Everything else is compared to glucose. There is a well
established sugar and insulin response to ingesting a
specified quantity of glucose in the fasting state.
If a person in the fasting state consumes fructose
instead of glucose, the blood sugar and blood insulin
levels do not respond as dramatically. The initial
studies on fructose that demonstrated this were hailed as
a major breakthrough showing that fruit sugar was a more
healthful alternative to sucrose (which is only half
fructose and half glucose).
The processed food industry ran with this and
immediately began to produce tons of processed food and
barrels of processed beverages sweetened with fructose.
The gullible public sucked it up with delight -- telling
themselves that all these sugary treats were healthy.
No one bothered to inform the general public that
immediately after these initial studies on fructose were
done they were completely blown out of the water. It
turns out that fructose shows its slightly less damaging
effect than other sugars only when consumed as the sole
source of calories and only when fasting. When fructose
is consumed as a part of a meal that includes other
carbohydrates plus fats and proteins, the effect of
fructose is much much worse than the effect of glucose.
The physiological/biochemical reasons for this damaging
effect of fructose have been pretty well explained in the
literature but are beyond the scope of this discussion.

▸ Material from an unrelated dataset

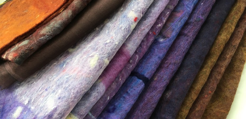 I had a look back through the notebook where I try to work out what’s important for me from what I’ve been reading and I came across a comparison Tim Ingold makes in his book The Life of Lines. He talks about the way a skyscraper is a construction dropped on top of a foundation, whereas a mountain is a fold in the ground: it is both a feature and part of the ground itself. I had noted that there was a parallel with memory being not the idea of an event dropped onto the blank page of your life, but rather an event that became part of the structure of your life. And now I think there is also a parallel with the making of felt compared with other textiles.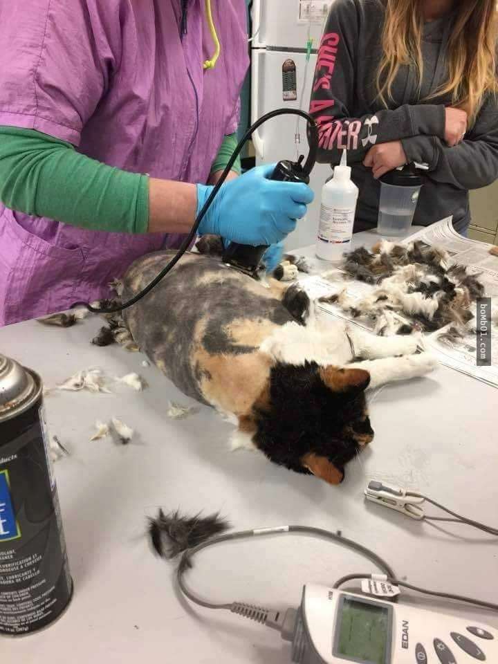 ▼男子隨後將三花貓帶往當地動保組織「Animal Rescue League Shelter & Wildlife Center」,動保組織接手後便開始替他去掉身上的團團毛髮,總共剪下了高達1公斤的毛球!Hidey 終於可以不用再背負著沈重的負擔,自由行動。

For our purposes just understand that the average
person -- your average patient -- consumes over 100 pounds
of sucrose every year. That constitutes an amazing 20% of
their caloric intake in the form of concentrated sugar.

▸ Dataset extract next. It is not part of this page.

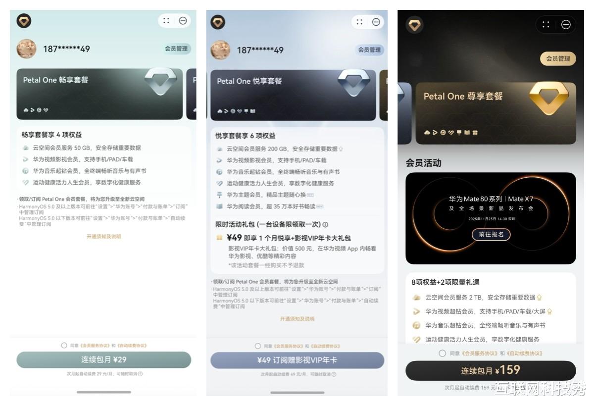 也许有朋友对Petal One不是太了解。简单来说,它是华为应用生态会员的“全家桶”,把云空间、视频、音乐、阅读、主题、运动健康等会员打包在一起,订阅一个套餐开通几个会员,无需一个个单独订阅,既省钱又省事。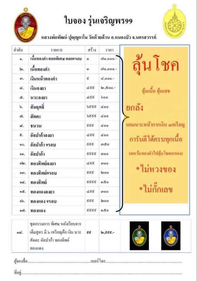 มี 1 ลัง 100 ลุ้น ราคายกลัง 25,000.-บาท รับพระประมาณต้นเดือนตุลาคม 63 รายการพระตามรายละเอียดในใบจอง คุ้มค่าชัวร์

You must help your patients understand the unavoidable
health consequences of this pernicious practice. You must
also help them understand that the sugar in orange juice
and honey is every bit as damaging as the sugar in candy.
Do you think you can have an impact on your life, the
life of everyone in your family, and the lives of all your
patients if you are to enable them to decrease this sugar
consumption to sane levels? Furthermore, knowing what you
know about the damages of polyunsaturates, do you think
you can have a major impact on peoples' lives if you can
get them to eliminate these toxic oils?
- 6 -
The nice thing about the Nutri-Spec Fundamental Diet
is that restoring sugar consumption to sane levels and
eliminating toxic oils is really not difficult at all.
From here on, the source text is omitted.